*SUPPLIED RECORDS*
-=-=-=-=-

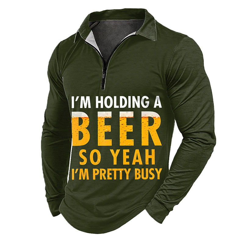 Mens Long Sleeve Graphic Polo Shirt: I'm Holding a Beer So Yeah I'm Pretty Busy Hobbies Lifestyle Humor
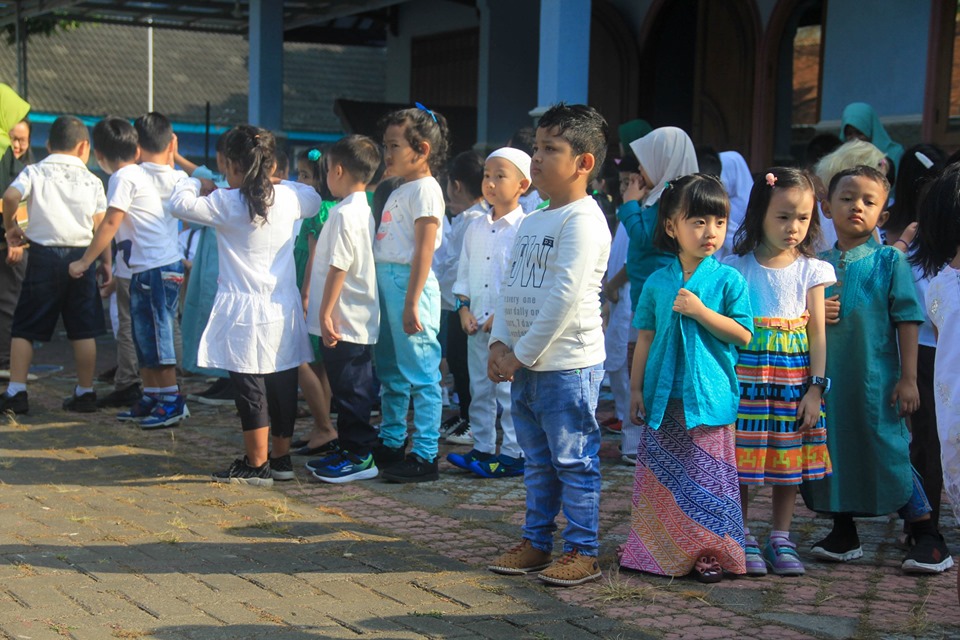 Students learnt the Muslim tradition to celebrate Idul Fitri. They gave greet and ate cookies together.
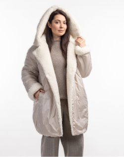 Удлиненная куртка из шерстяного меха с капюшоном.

-=-=-=-=-

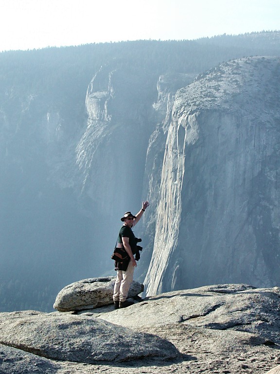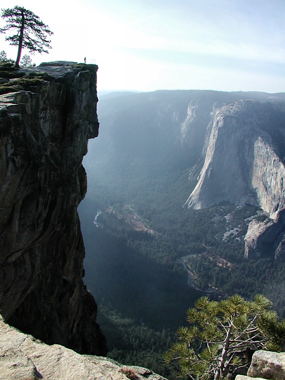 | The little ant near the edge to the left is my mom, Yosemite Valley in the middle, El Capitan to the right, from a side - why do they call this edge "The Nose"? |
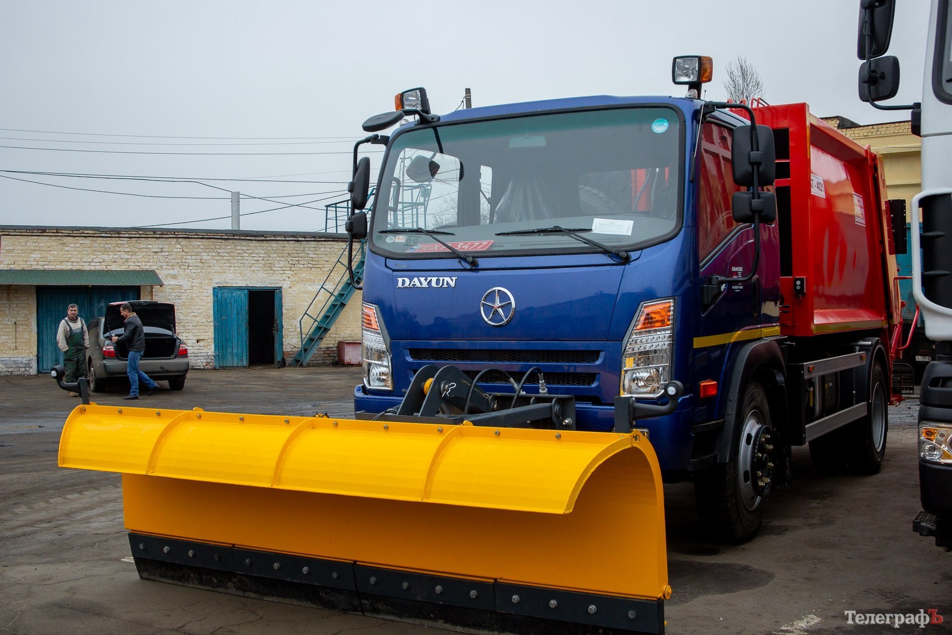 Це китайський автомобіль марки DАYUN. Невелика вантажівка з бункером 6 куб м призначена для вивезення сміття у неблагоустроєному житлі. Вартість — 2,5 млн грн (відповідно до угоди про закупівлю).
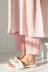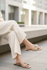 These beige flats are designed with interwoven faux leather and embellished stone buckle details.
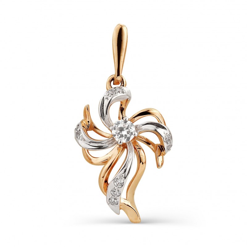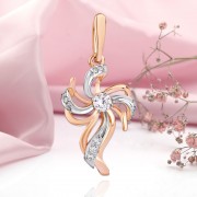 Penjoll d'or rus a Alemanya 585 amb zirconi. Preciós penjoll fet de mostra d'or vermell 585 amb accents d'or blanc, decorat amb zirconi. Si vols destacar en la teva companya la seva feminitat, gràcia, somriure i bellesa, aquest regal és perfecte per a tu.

-=-=-=-=-

*WHAT IS EXPECTED*
Could you write out exactly the lines of the data above that run from the one holding "Mens Long Sleeve" to the one holding "Удлиненная куртка из", with both ends in and all pictures out?

*PROBLEM SOLUTION*
 Mens Long Sleeve Graphic Polo Shirt: I'm Holding a Beer So Yeah I'm Pretty Busy Hobbies Lifestyle Humor
 Students learnt the Muslim tradition to celebrate Idul Fitri. They gave greet and ate cookies together.
 Удлиненная куртка из шерстяного меха с капюшоном.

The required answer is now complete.